Logistics industry 'experts' are beginning to question the practicality of just-in-time (JIT) manufacturing following natural disasters like Katrina, Iceland's volcanic ash cloud and Japan's costliest earthquake in March but there is nothing wrong with the JIT concept, and its savings will ensure its permanence. It is the need to diversify supply sources which must be addressed, even if that means financing new investment in areas less prone to natural disasters and, perhaps, paying higher prices through less advantageous economies of scale.
Businesses cannot feign ignorance of the natural risks to the global supply chain and their stupidity of putting too many eggs in one basket. Insurance companies have long since developed models of the likelihood of earthquakes, floods, hurricanes and tornadoes for America and other countries. The simple fact is that global corporations were mesmerised by the low production-cost economies of the Far East and so were prepared to brush aside supply chain disruption risks
Japan's March earthquake and tsunami caused over $300 billion in damage, reveal Government estimates, but its broader impact on the global economy may prove even more profound. As I warned last year in my blog: "Has volcanic ash lessons for logistics," the Icelandic eruption was a wake up call to reassess JIT techniques. Japan's tremblor was more of a thunderclap call because Japan is home to nearly 100 manufacturing choke points that would affect businesses worldwide.

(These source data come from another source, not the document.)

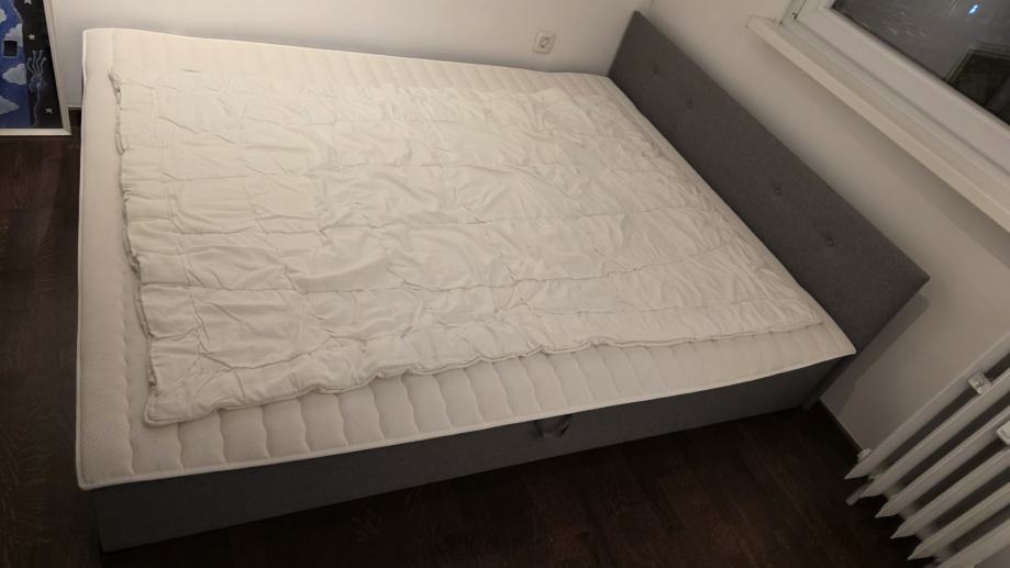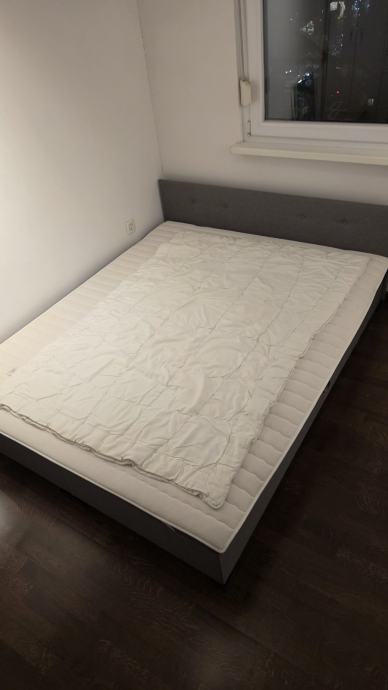 Bračni krevet, nekorišten, madrac, podnice, visoko uzglavlje.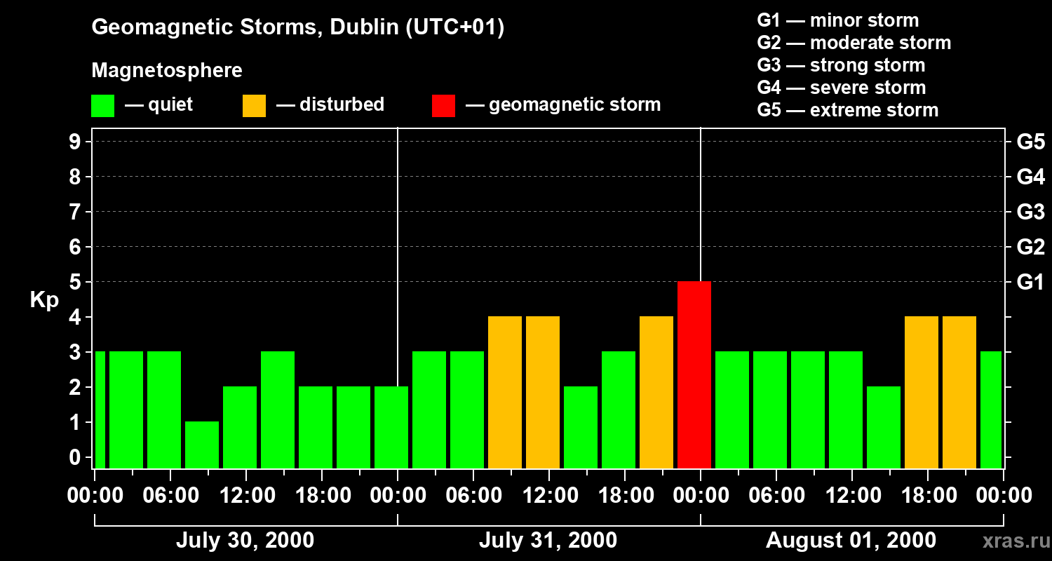 Geomagnetic storms in Dublin on Aug 01, 2000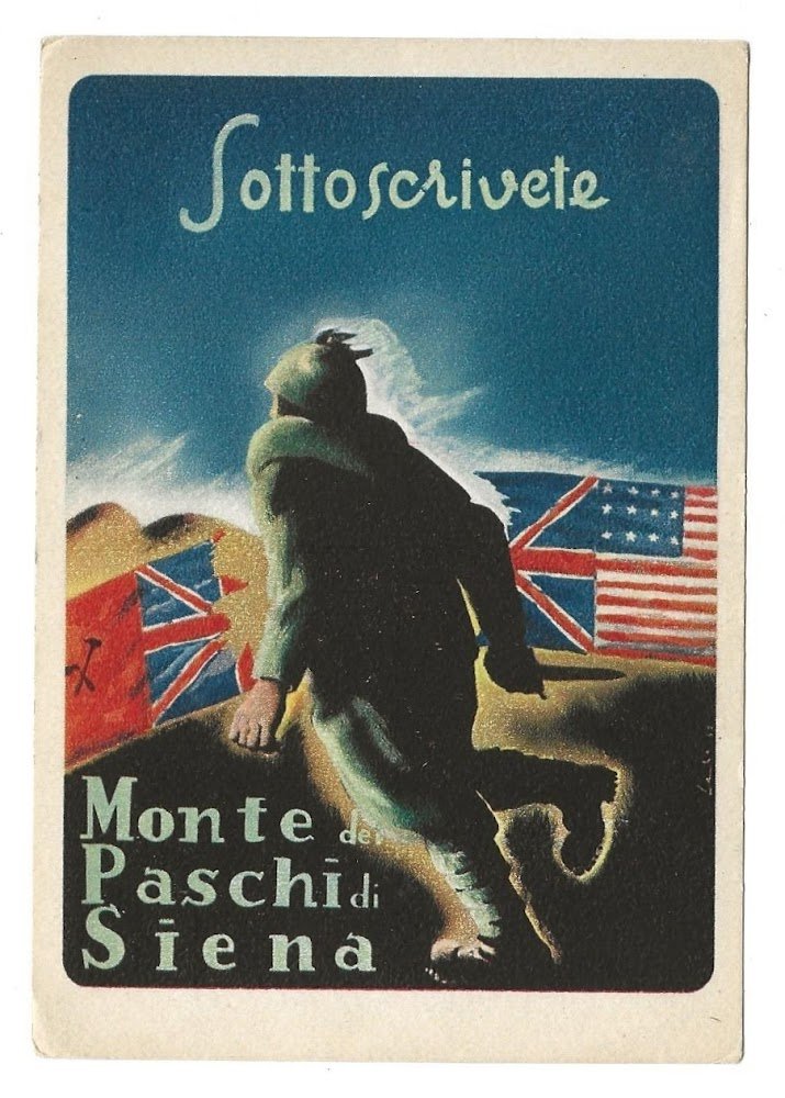 Cartolina originale d'epoca. Prestito Italiano. Sottoscrivete - Monte dei Paschi di Siena. Illustrata a colori. Zincografica - Firenze. Non Viaggiata e in Ottimo stato. , Molto buono (Very Good)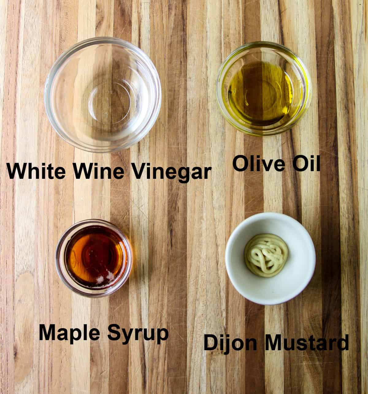 - In a large salad bowl, whisk together the dressing ingredients; maple syrup, olive oil, white wine vinegar and Dijon mustard.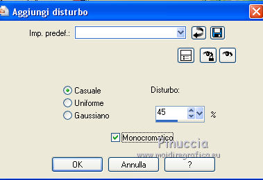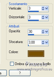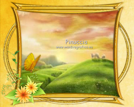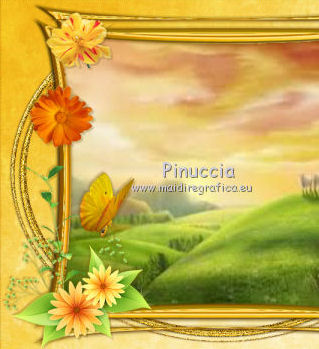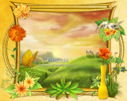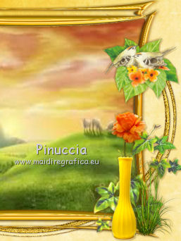 qui puoi trovare qualche risposta ai tuoi dubbi. Se l'argomento che ti interessa non è presente, ti prego di segnalarmelo. Questo tutorial è una creazione di ©Titoune e non può essere copiato su altri siti nè essere offerto per il download. Lo stesso vale per la mia traduzione. Il tutorial è stato creato con PSP X5, ma può essere eseguito anche con le altre versioni di PSP. Secondo la versione utilizzata (anteriore a PSP X) potresti ottenere dei risultati differenti. Dalla versione X4, il comando Immagine>Rifletti è stato sostituito con Immagine>Capovolgi in orizzontale, e il comando Immagine>Capovolgi con Immagine>Capovolgi in verticale. Nelle versioni X5 e X6, le funzioni sono state migliorate rendendo disponibile il menu Oggetti. Vedi la scheda sull'argomento qui Per tradure il tutorial ho usato PSP X. Occorrente: Un tube a scelta. Il resto del materiale qui Il tube utilizzato è di Valery. Filtri in caso di dubbi, ricorda di consultare la mia sezione filtri qui Filters Unlimited 2.0 qui Penta.com - Jeans qui I filtri Penta.com si possono usare da soli o importati in Filters Unlimited (come fare vedi qui) Se un filtro fornito appare con questa icona Animation Shop qui ![]() 1. Apri una nuova immagine trasparente 750 x 600 pixels. Selezione>Seleziona tutto. 2. apri l'elemento paper4, e vai a Modifica>Copia. Torna al tuo lavoro e vai a Modifica>Incolla nella selezione. Selezione>Deseleziona. 3. Apri l'elemento "element19", e vai a Modifica>Copia. Torna al tuo lavoro e vai a Modifica>Incolla come nuovo livello. Non spostarlo. 4. Livelli>Duplica. Attiva il livello sottostante dell'originale. Effetti>Effetti di distorsione>Corodinate polari. ![]() Rinomina questo livello "animazione". Attiva il livello superiore della copia e rinomina il livello "cornice". 5. Attiva lo strumento Bacchetta maica ![]() e clicca al centro della cornice per selezionarla. Selezione>Modifica>Espandi - 5 pixels. 6. Livelli>Nuovo livello raster. Livelli>Disponi>Sposta giù. 7. Apri l'immagine del paesaggio "image", e vai a Modifica>Copia. Torna al tuo lavoro e vai a Modifica>Incolla nella selezione. Selezione>Deseleziona. 8. Attiva il livello della cornice. Effetti>Effetti 3D>Sfalsa ombra, colore #795000. ![]() Ripeti l'Effetto Sfalsa ombra, cambiando verticale e orizzontale con -3. 9. Apri l'elemento "element 10", e vai a Modifica>Copia. Torna al tuo lavoro e vai a Modifica>Incolla come nuovo livello. Spostalo in basso a sinistra.Vedi l'esempio finale. Effetti>Effetti 3D>Sfalsa ombra, con i settaggi precedenti. 10. Apri l'elemento "element 1", e vai a Modifica>Copia. Torna al tuo lavoro e vai a Modifica>Incolla come nuovo livello. Spostalo in basso a sinistra, sopra l'elemento precedente.Vedi l'esempio finale. Effetti>Effetti 3D>Sfalsa ombra, con i settaggi precedenti. 11. Apri l'elemento "element 18", e vai a Modifica>Copia. Torna al tuo lavoro e vai a Modifica>Incolla come nuovo livello. Spostalo nella cornice a sinistra, sopra l'elemento precedente.![]() Effetti>Effetti 3D>Sfalsa ombra, con i settaggi precedenti. 12. Apri l'elemento "element 7", e vai a Modifica>Copia. Torna al tuo lavoro e vai a Modifica>Incolla come nuovo livello. Spostalo sul bordo sinistro della cornice.Vedi l'esempio finale. Effetti>Effetti 3D>Sfalsa ombra, con i settaggi precedenti. 13. Apri l'elemento "element 2", e vai a Modifica>Copia. Torna al tuo lavoro e vai a Modifica>Incolla come nuovo livello. Spostalo sul bordo della cornice, sopra l'elemento precedente.![]() Effetti>Effetti 3D>Sfalsa ombra, con i settaggi precedenti. 14. Apri l'elemento "nonny-2008-birds02", e vai a Modifica>Copia. Torna al tuo lavoro e vai a Modifica>Incolla come nuovo livello. Spostalo nella parte superiore destra della cornice.Vedi l'esempio finale. Effetti>Effetti 3D>Sfalsa ombra, con i settaggi precedenti. 15. Apri l'elemento "element 11", e vai a Modifica>Copia. Torna al tuo lavoro e vai a Modifica>Incolla come nuovo livello. Spostalo in basso a destra.Vedi l'esempio finale. Effetti>Effetti 3D>Sfalsa ombra, con i settaggi precedenti. 16. Apri l'elemento "element 8", e vai a Modifica>Copia. Torna al tuo lavoro e vai a Modifica>Incolla come nuovo livello. Spostalo in basso a destra, davanti all'elemento precedente.![]() Effetti>Effetti 3D>Sfalsa ombra, con i settaggi precedenti. 17. Apri l'elemento "element 14", e vai a Modifica>Copia. Torna al tuo lavoro e vai a Modifica>Incolla come nuovo livello. Spostalo in basso.Vedi l'esempio finale. Effetti>Effetti 3D>Sfalsa ombra, con i settaggi precedenti. 18. Apri l'elemento "element 3", e vai a Modifica>Copia. Torna al tuo lavoro e vai a Modifica>Incolla come nuovo livello. Spostalo in basso.Vedi l'esempio finale. Effetti>Effetti 3D>Sfalsa ombra, con i settaggi precedenti. Porta questo livello sotto il livello del vaso. ![]() 19. Apri l'elemento "element 9", e vai a Modifica>Copia. Torna al tuo lavoro e vai a Modifica>Incolla come nuovo livello. Spostalo in basso al centro.![]() Effetti>Effetti 3D>Sfalsa ombra, con i settaggi precedenti. 20. Apri l'elemento "birdcage", e vai a Modifica>Copia. Torna al tuo lavoro e vai a Modifica>Incolla come nuovo livello. Spostalo in alto a sinistra.Vedi l'esempio finale. Effetti>Effetti 3D>Sfalsa ombra, con i settaggi precedenti. 21. Apri l'elemento "birdieRainbow", e vai a Modifica>Copia. Torna al tuo lavoro e vai a Modifica>Incolla come nuovo livello. Immagine>Ridimensiona, all'80%, tutti i livelli non selezionato. Spostalo davanti alla gabbia.Vedi l'esempio finale. Effetti>Effetti 3D>Sfalsa ombra, con i settaggi precedenti. 21. Apri l'elemento wordart_allegria.png, e vai a Modifica>Copia. Torna al tuo lavoro e vai a Modifica>Incolla come nuovo livello. Spostalo nella parte superiore.Vedi l'esempio finale. Effetti>Effetti 3D>Sfalsa ombra, con i settaggi precedenti. 22. Apri il tuo tube, e vai a Modifica>Copia. Torna al tuo lavoro e vai a Modifica>Incolla come nuovo livello. Immagine>Ridimensiona, se e quanto necessario, tutti i livelli non selezionato. Spostalo dove 
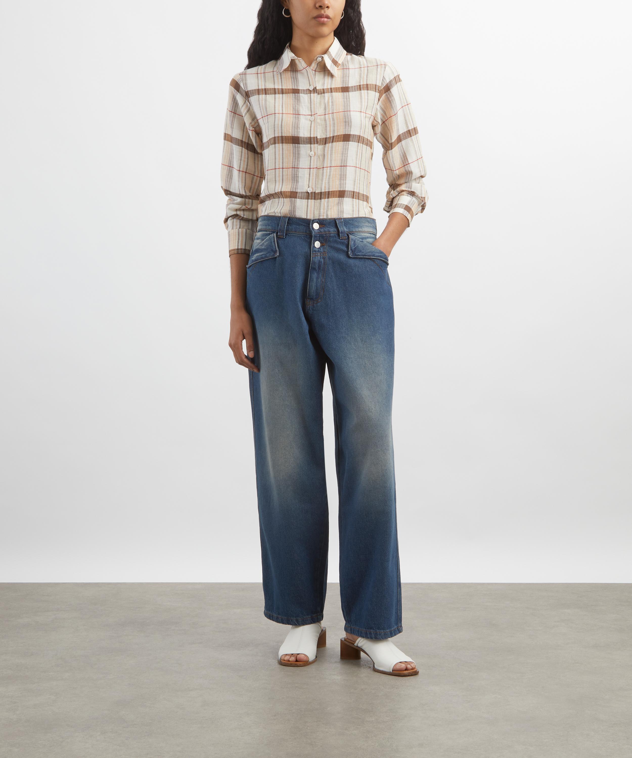 Crafted from cotton adorned with a brown check, this shirt is cut to a fitted silhouette complete with a classic collar, long sleeves, and a button fastening.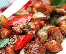 此菜色泽红艳,肉质松软,葱香入味,宜于下酒。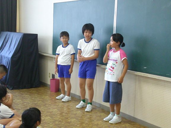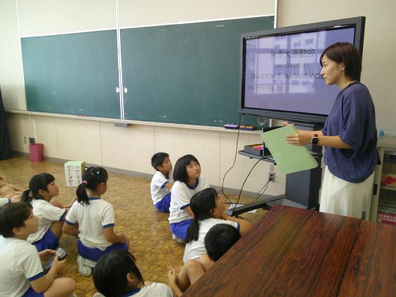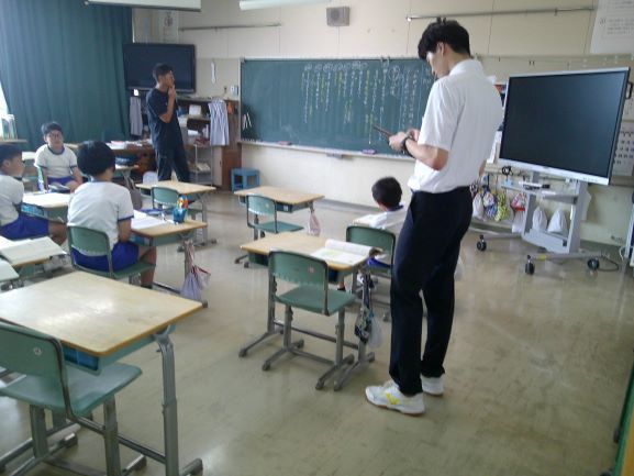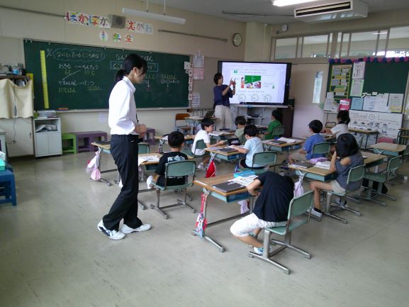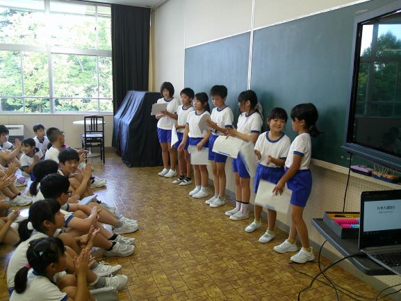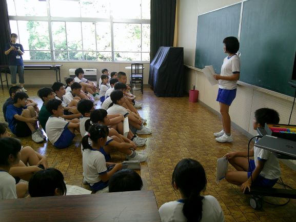 今日から3週間、教育実習生が2名来ています。1年生は、早速自分達で学校案内をしていました。カメラマンまでついていて本格的です。今日はまず授業を参観するところから始まりました。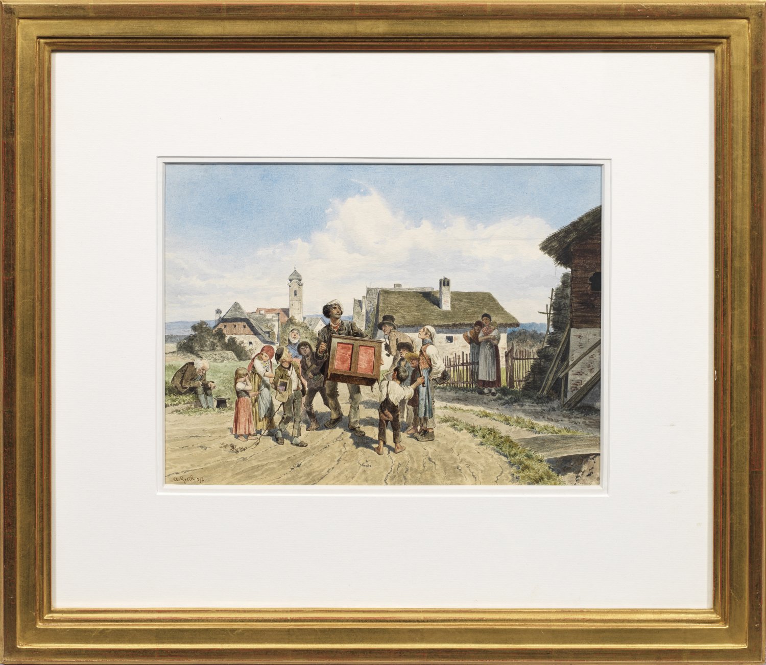 Fein zeichnerische, vielfigurige für den Künstler charakteristische Darstellung, einen Drehorgelspieler auf einer Dorfstraße darstellend, der umringt wird von Schulkindern, die offen ihre Faszination gegenüber dem fremden Mann zeigen. Die Genrestücke von Alois Greil zeigen oft ein Idyll, welches allerdings nicht ganz ungetrübt bleibt und denen er häufig einen moralischen Hinweis beifügt, wie hier der unbeachtet gebliebene Bettler am Wegesrand. Greil, dessen erste künstlerische Leistungen Adalbert Stifters Interesse weckten, konnte mit Hilfe des Dichters in Wien studieren. In seiner späten Schaffensphase wrid der Einfluss von Mortiz von Schwind und Carl Spitzweg spürbar. Aquarell/Papier. L. u. sign. u. dat. (1)872. 22 cm x 30 cm. Rahmen.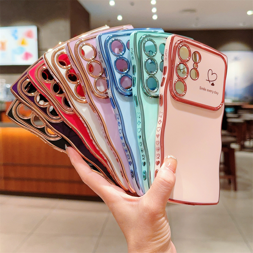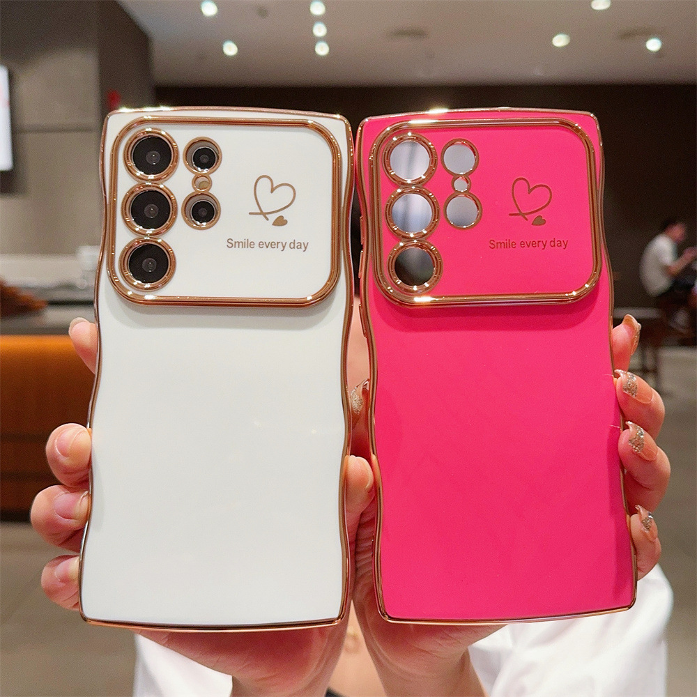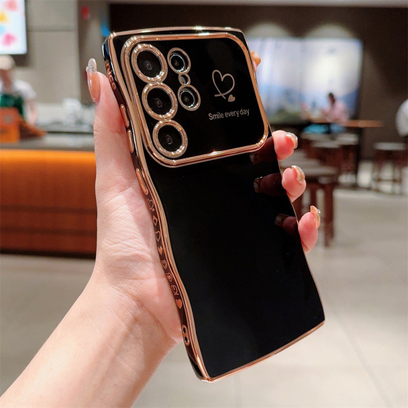 삼성 S26ULTRA 전기도금 대형 웨이브 휴대폰 케이스, S24FE 측면 하트 A56 낙하 방지 보호 케이스에 적합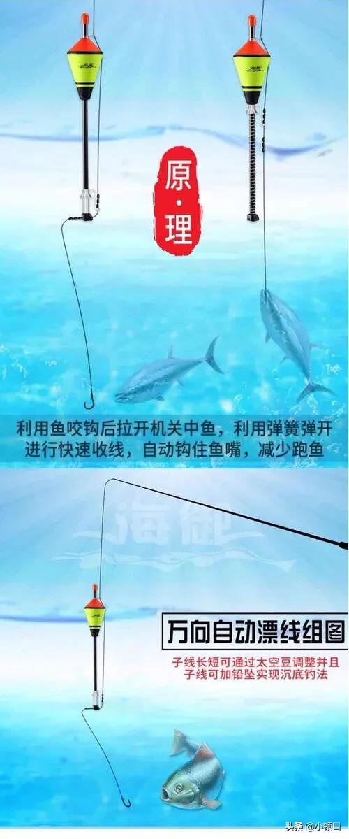其原理:鱼咬钩后拉开机关中鱼,利用弹簧弹开,进行快速收线,自动钩住鱼嘴,减少跑鱼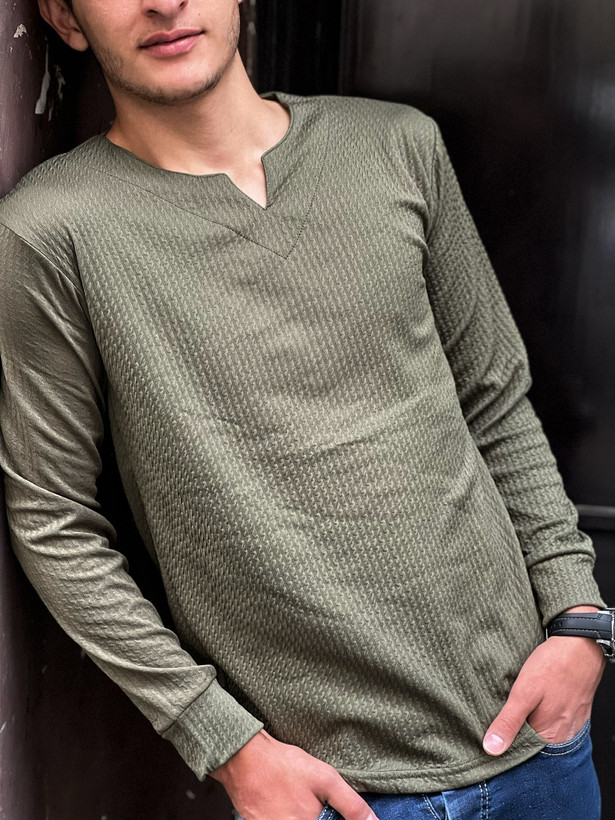 ‌بلوز یقه کوبایی پاییزه پارچه بیسکوییتی اعلا سبز لجنی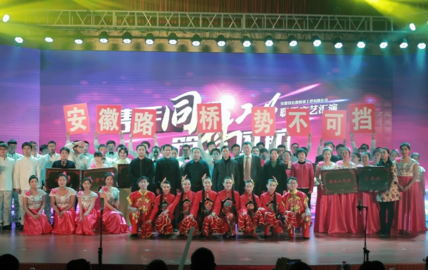 演出現(xiàn)場華燈璀璨,座無虛席,氣氛喜慶熱烈。匯演正式開始前,公司董事長、總經(jīng)理孫學(xué)軍發(fā)表了熱情洋溢的致辭。他首先代表公司向蒞臨現(xiàn)場的嘉賓及長期以來堅持在公司各個崗位的員工及家屬,致以誠摯的問候和新春的美好祝愿,向默默奉獻,為路橋事業(yè)奠基的前輩們致以崇高的敬意。指出,2015年,是宏觀形勢錯綜復(fù)雜的一年,也是公司成績斐然的一年,在建工集團的正確領(lǐng)導(dǎo)下,全體員工凝心聚力,開拓奮進,取得了驕人的業(yè)績。充滿機遇和挑戰(zhàn)的“十三五”已經(jīng)開局,全體路橋人要秉承優(yōu)良傳統(tǒng),凝心聚力,同舟共濟,譜寫安徽路橋新的輝煌。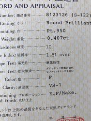 お持ちの指輪の写真と、鑑定書の写真。

Japan, however, is not the only worry about risks to the JIT-oriented global supply chain. A similar crisis in China's heavily industrialized Guangdong province could have even more widespread economic effects. In my April 25 blog: "Japan's earthquake must force JIT supply changes," I mentioned that Guangdong produced many electrical products upon which the world depended for its JIT supplies and which was also exposed to disruption from natural calamities. I even warned that "south-east China will be slammed by a natural calamity, be it seismic or flooding, within months." Just two months later much of south-east China and elsewhere was deluged by the worst floods in 55 years, directly affecting 37 million people, causing over $5 billion of damage, killing over 200 people and destroying or damaging over 500,000 homes. It seems that this time round those export industries in Guangdong were not seriously affected but the lesson is clear. Global industries must now wean themselves from total dependence on China for its purchases.
The risks, however, do not end with natural calamities. There are also political and mercantile risks as the recent spat over China's almost monopoly grip on rare earth elements (REEs) demonstrates. There is nothing rare about the 17 rare earth elements but they are essential for communication devices, weaponry, computers, hybrid cars and flat screen televisions, to name but a few. The disturbing fact is that China has 97% of total world production. It also has the biggest reserves, about 36% of the world's total. China recently announced its export quotas for REEs would remain unchanged for 2011 but the inclusion of rich "ferro alloys" in the quota system means a fall in rare earth exports of 10%. Consequently, some rare earth prices have risen 10-fold this year.
China's reliability must also be questioned following its cuts of REEs to Japan last year after a diplomatic dispute. Mining companies are now rushing to develop new deposits in America, South Africa, Australia and other countries but these supplies will not be available for another year or two and there still needs to be investment in capacity to refine and fabricate them.
If natural disasters are not enough to convince global corporations to reassess their JIT practices then perhaps when both nature and the dark side of mercantilism combine forces to squeeze supplies the lesson will be learnt. Wiser heads, however, will not wait that long.